Have you tried feeding the same amount but split up into more times a day? This might help make sure his tummy never goes empty. Also, if you feed the last portion several hours before going to bed, try feeding a treat before bed to help hold up the tummy until the morning feed.


----------



## Zoe's Mom88 (Apr 25, 2011)

Bibu said:


> Have you tried feeding the same amount but split up into more times a day? This might help make sure his tummy never goes empty. Also, if you feed the last portion several hours before going to bed, try feeding a treat before bed to help hold up the tummy until the morning feed.

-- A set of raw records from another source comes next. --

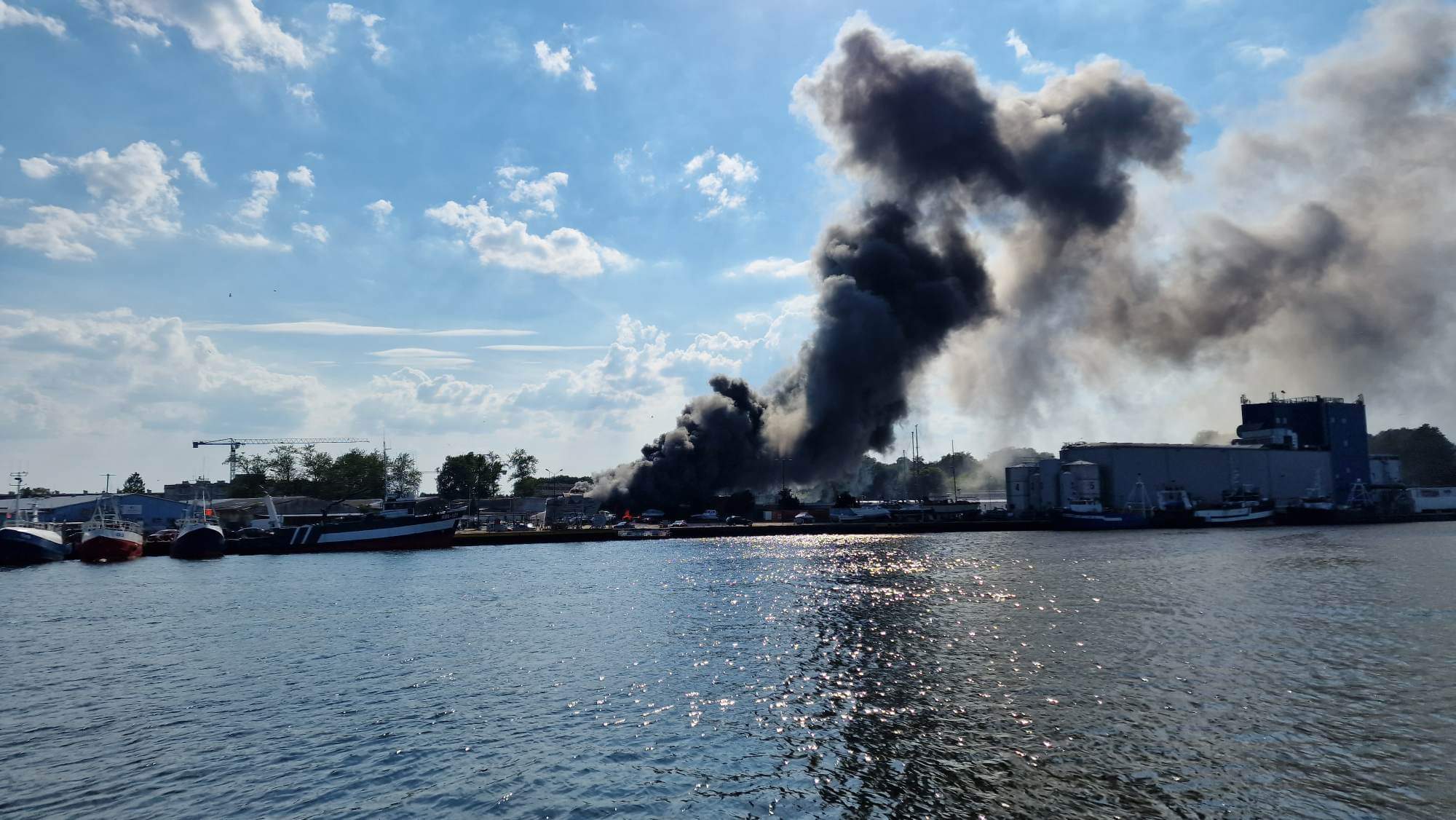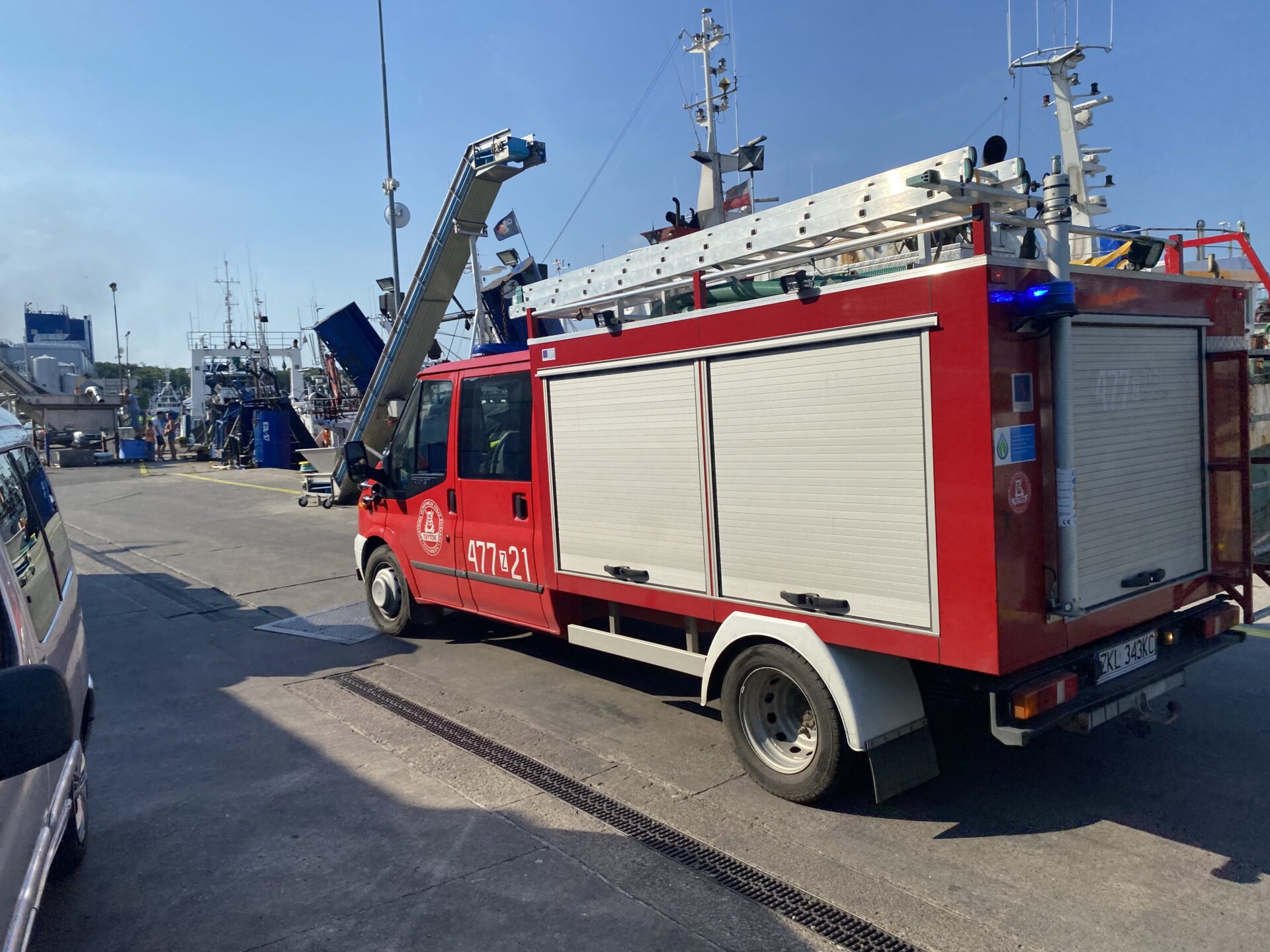 Trwa akcja gaśnicza w kołobrzeskim porcie rybackim.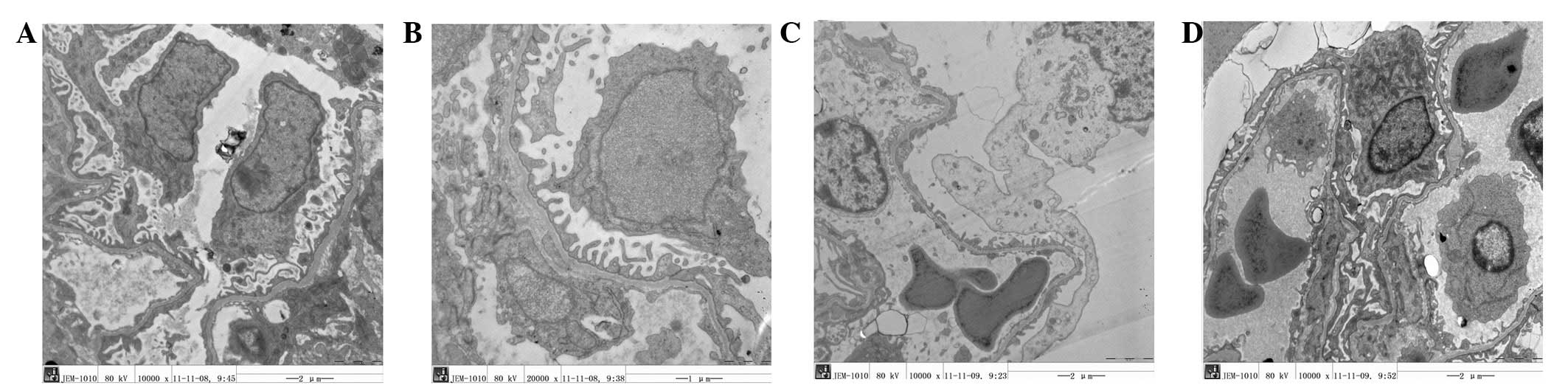 A specimen was cut into ultra-thin sections of 60–68 nm. A JEM-1010 model transmission electron microscope was used to observe the ultra-microstructures of the renal capsule, renal glomerulus and renal tubule. At the same time, images were captured.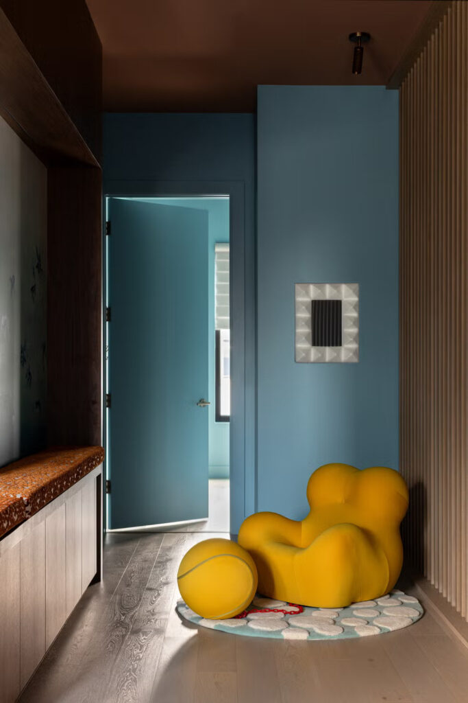 Στην κορυφή ενός νεόκτιστου πολυτελούς πύργου στο West Loop του Σικάγο, ένα διώροφο ρετιρέ υπάρχει σαν μια… ήσυχη επανάσταση, κόντρα στην ιδέα ότι η σύγχρονη διαβίωση πρέπει να είναι ουδέτερη, συγκρατημένη ή ασφαλής. Σχεδιασμένο από την ομάδα της Kuchar, αυτό το οικογενειακό σπίτι 288 τετραγωνικών μέτρων είναι μια πανδαισία χρωμάτων, υφών και φαντασίας – ένας χαρούμενος, καθηλωτικός κόσμος όπου κάθε επιφάνεια αφηγείται μια ιστορία και καμία λεπτομέρεια δεν ξεθωριάζει ήσυχα στο παρασκήνιο.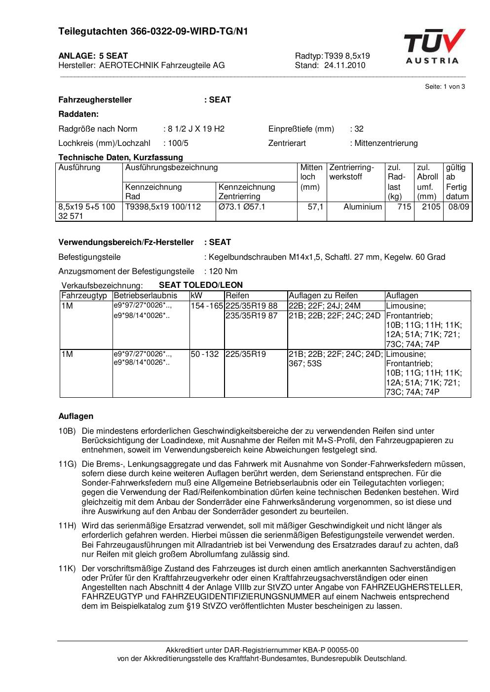 teilegutachten 366-0322-09-wird-tg-n1 AEROTECHNIK T939 8,5x19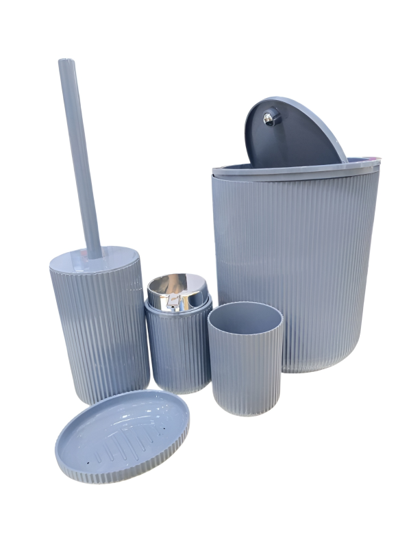 Elevate the aesthetic of your bathroom with the Carlo Bathroom Accessories Set. This set combines modern ribbed textures with practical functionality to provide a cohesive and organized look. Crafted from high-quality materials, it is designed to withstand the humid environment of your bathroom while maintaining its elegant appearance.
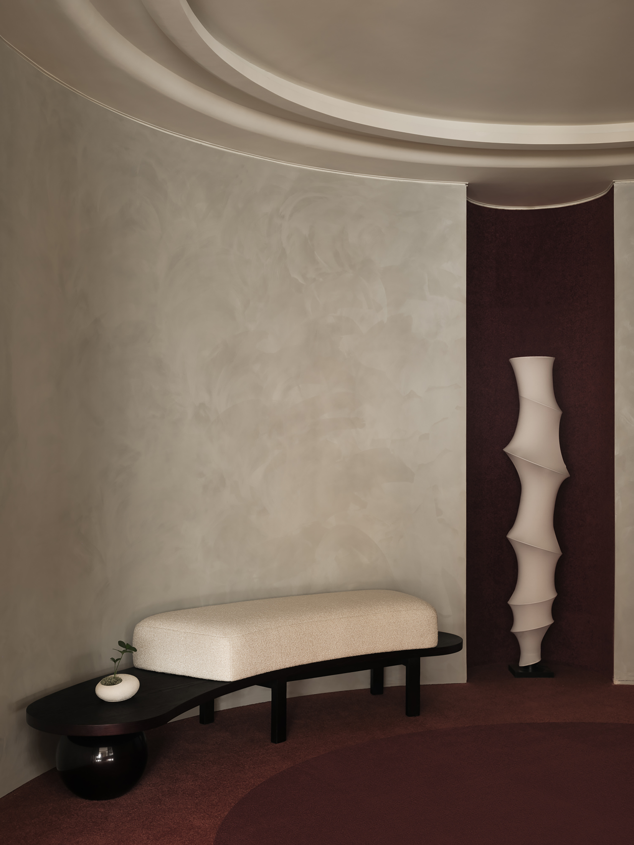 蕓初十悅位于一棟傳統(tǒng)的柱網(wǎng)結(jié)構(gòu)建筑內(nèi),設(shè)計師巧妙地將細胞裂變的生物學(xué)原理融入空間設(shè)計中,通過不同大小的圓形重新構(gòu)筑空間布局,打破了直角空間的尖銳與冰冷,柔化了空間自身的情緒,使之更加柔和松弛,同時營造了豐富的美學(xué)線條和空間層次感。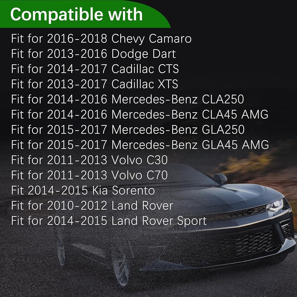 Fitment: Fit for 2016-2018 Chevy Camaro,for 2013-2016 Dodge Dart, for 2014-2017 Cadillac CTS, for 2013-2017 Cadillac XTS, for 2014-2016 Mercedes-Benz CLA250, for 2014-2016 Mercedes-Benz CLA45 AMG, for 2015-2017 Mercedes-Benz GLA250, for 2015-2017 Mercedes-Benz GLA45 AMG, for 2011-2013 Volvo C30, for 2011-2013 Volvo C70, 2014-2015 Kia Sorento, for 2010-2012 Land Rover, for 2014-2015 Land Rover Sport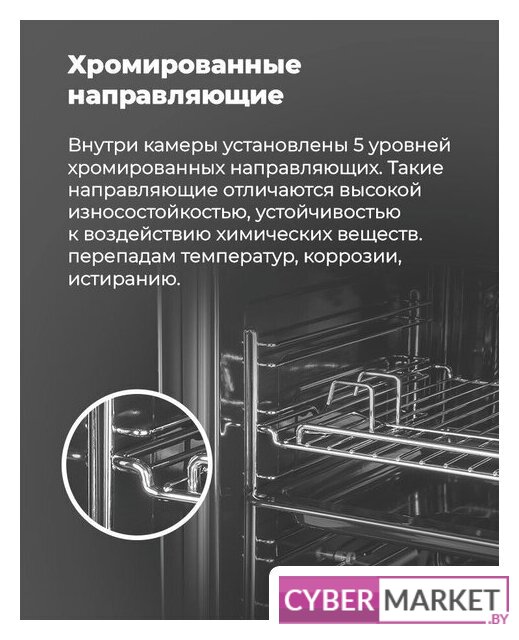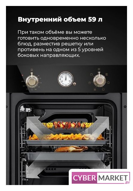 электрический с конвекцией, объем 58 л, 6 режимов, очистка ручная, 2 стекла в дверце, направляющие проволочные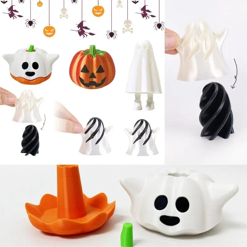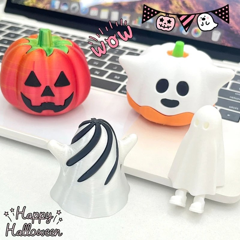 Halloween Ghost Pumpkin Decoration 3D Printed Pumpkin Desktop Ornaments Day Of the Dead Ghost Room Decor Table Accesiories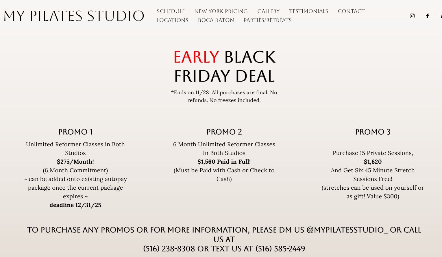 | 🛍️ My Pilates Studio – Early Black Friday Deal🧘♀️ 3 powerful ways to save on reformer classes and private sessions! PROMO 1: Unlimited Reformer Classes – $275/month (6-month commitment) *Can be added to existing autopay packages *Deadline: 12/31/25 PROMO 2: 6 Months Unlimited – $1,560 paid in full (cash or check to cash only) PROMO 3: Buy 15 Private Sessions for $1,620 *Includes 6 free 45-minute stretch sessions (value $300) – use or gift them!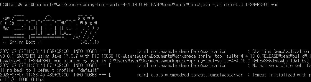 java -jar "war 파일이름" 을 입력한 다음 실행하면 위와 같은 출력 화면을 확인할 수 있다.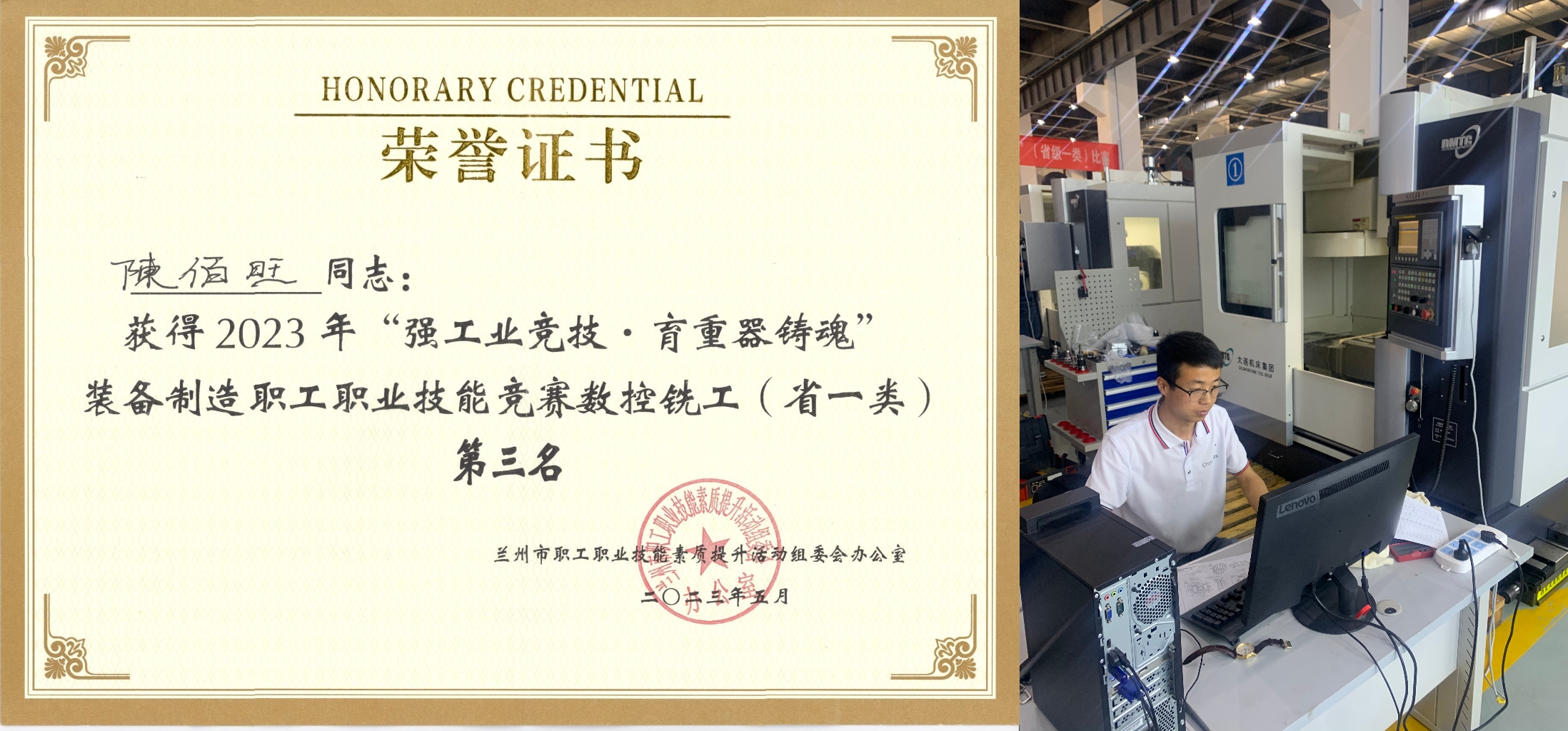 為深入學(xué)習(xí)貫徹黨的二十大精神,聚焦實施強工業(yè)、強科技、強省會、強縣城“四強行動”,著力打造高技能人才隊伍,2023年6月,由甘肅省總工會主辦,蘭州市總工會和蘭石集團承辦的2023年全省職工職業(yè)技能競賽“數(shù)控銑”賽項省級一類決賽在蘭州新區(qū)舉辦,來自全省22個企事業(yè)單位46名職工選手參賽。工會聯(lián)合工程技術(shù)學(xué)院積極組隊參賽,代表武威市參加了本次比賽。經(jīng)過三天的競技角逐,我校教師陳佰旺取得二等獎(第三名)的優(yōu)異成績,獲得了“甘肅省技術(shù)能手”和“甘肅省技術(shù)標(biāo)兵”榮譽稱號。

That's a good point. How many times a day do you feed him. Maybe his belly is empty for too long.


----------



## maggieh (Dec 16, 2007)

Have you tried giving Pepcid? I believe the dose is 1/4 tablet 2 times daily. That may help with the stomach acid.


----------



## nash (Dec 12, 2012)

I have always let them eat whenever they want. Always food for them in their bowls. (A yorkie also-Nash). Their weight has always been perfect, so I just let them eat whenever. The more I read, I do believe it could be acid reflux. Thanks guys, very good suggestions.


----------



## RE823 (Feb 11, 2012)

I had a Chihuahua that had a very sensitive stomach, I feel your pain... I tried everything over 7 years, but to settle her when she had a bout of vomiting was Prescription ID canned food, it really settled her stomach then we would go back to her normal dog food of nutro for puppy. I found dog food with oatmeal helps and limiting treats. Also not giving too much variety, like if her dog food is chicken based find a treat that is as well... 



hope he feels better soon


----------



## shellbeme (Mar 1, 2011)

There are a couple formulas that are limited ingredient from acana. Acana Duck and Bartlett Pear Dry Dog Food and Acana Lamb and Okanagan Apple Dry Dog Food more info on them found ACANA singles | Acana . 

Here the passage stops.